→ EXERCISE
When you transcribe the data below, reproduce every line exactly and leave each picture out.

━━ TASK DATA ━━

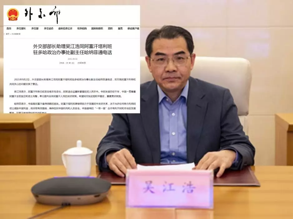 中國外交部部長助理吳江浩與阿富汗塔利班駐多哈政治辦事處副主任哈納菲通電話,就阿富汗形勢和共同關心的問題交換意見。
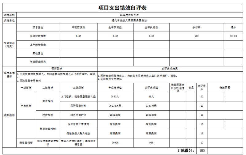 24年度假肢回訪項(xiàng)目績(jī)效自評(píng)情況:根據(jù)年初設(shè)定的績(jī)效目標(biāo),項(xiàng)目績(jī)效自評(píng)得分為100分。項(xiàng)目全年預(yù)算數(shù)為0.57萬(wàn)元,執(zhí)行數(shù)為0.57萬(wàn)元,完成預(yù)算的100%。項(xiàng)目績(jī)效目標(biāo)完成情況:一是產(chǎn)出指標(biāo):上門(mén)維護(hù)、維修假肢服務(wù)66人;二是效益指標(biāo):保證假肢正常使用、促進(jìn)殘疾人融入社會(huì)都有所提高。
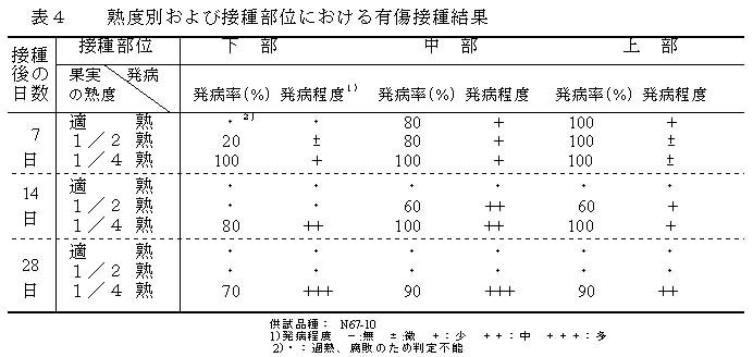 適熟果実および1/2熟果実は接種後腐敗を生じるのが多く発生し、病徴の確認が困難になる場合がある。しかし、1/4熟果実では、接種後判定を行うまでの日数が短ければ発病程度は軽いが、接種後28日目には発病程度3であることから、接種に適すると考える。また、接種を行う部位は、発病率、発病程度から果実中央部付近が良い(表4)。
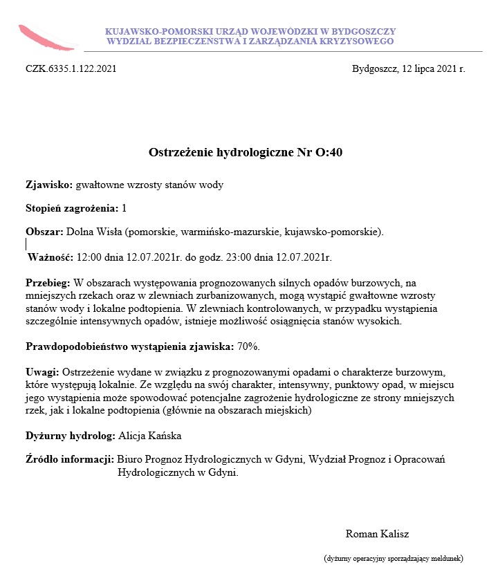 Ostrzeżenie hydrologiczne z dnia 12.07.2021 r.
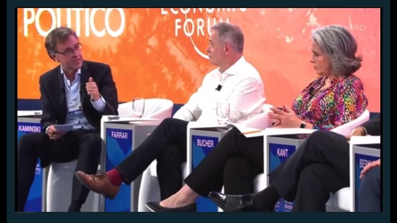 Gabriela Bucher is the executive director of Oxfam which is very critical of the pharma Covid windfall - she is criticising the people on the stage with her.

━━━

→ ANSWER SPACE
 中國外交部部長助理吳江浩與阿富汗塔利班駐多哈政治辦事處副主任哈納菲通電話,就阿富汗形勢和共同關心的問題交換意見。
 24年度假肢回訪項(xiàng)目績(jī)效自評(píng)情況:根據(jù)年初設(shè)定的績(jī)效目標(biāo),項(xiàng)目績(jī)效自評(píng)得分為100分。項(xiàng)目全年預(yù)算數(shù)為0.57萬(wàn)元,執(zhí)行數(shù)為0.57萬(wàn)元,完成預(yù)算的100%。項(xiàng)目績(jī)效目標(biāo)完成情況:一是產(chǎn)出指標(biāo):上門(mén)維護(hù)、維修假肢服務(wù)66人;二是效益指標(biāo):保證假肢正常使用、促進(jìn)殘疾人融入社會(huì)都有所提高。
 適熟果実および1/2熟果実は接種後腐敗を生じるのが多く発生し、病徴の確認が困難になる場合がある。しかし、1/4熟果実では、接種後判定を行うまでの日数が短ければ発病程度は軽いが、接種後28日目には発病程度3であることから、接種に適すると考える。また、接種を行う部位は、発病率、発病程度から果実中央部付近が良い(表4)。
 Ostrzeżenie hydrologiczne z dnia 12.07.2021 r.
 Gabriela Bucher is the executive director of Oxfam which is very critical of the pharma Covid windfall - she is criticising the people on the stage with her.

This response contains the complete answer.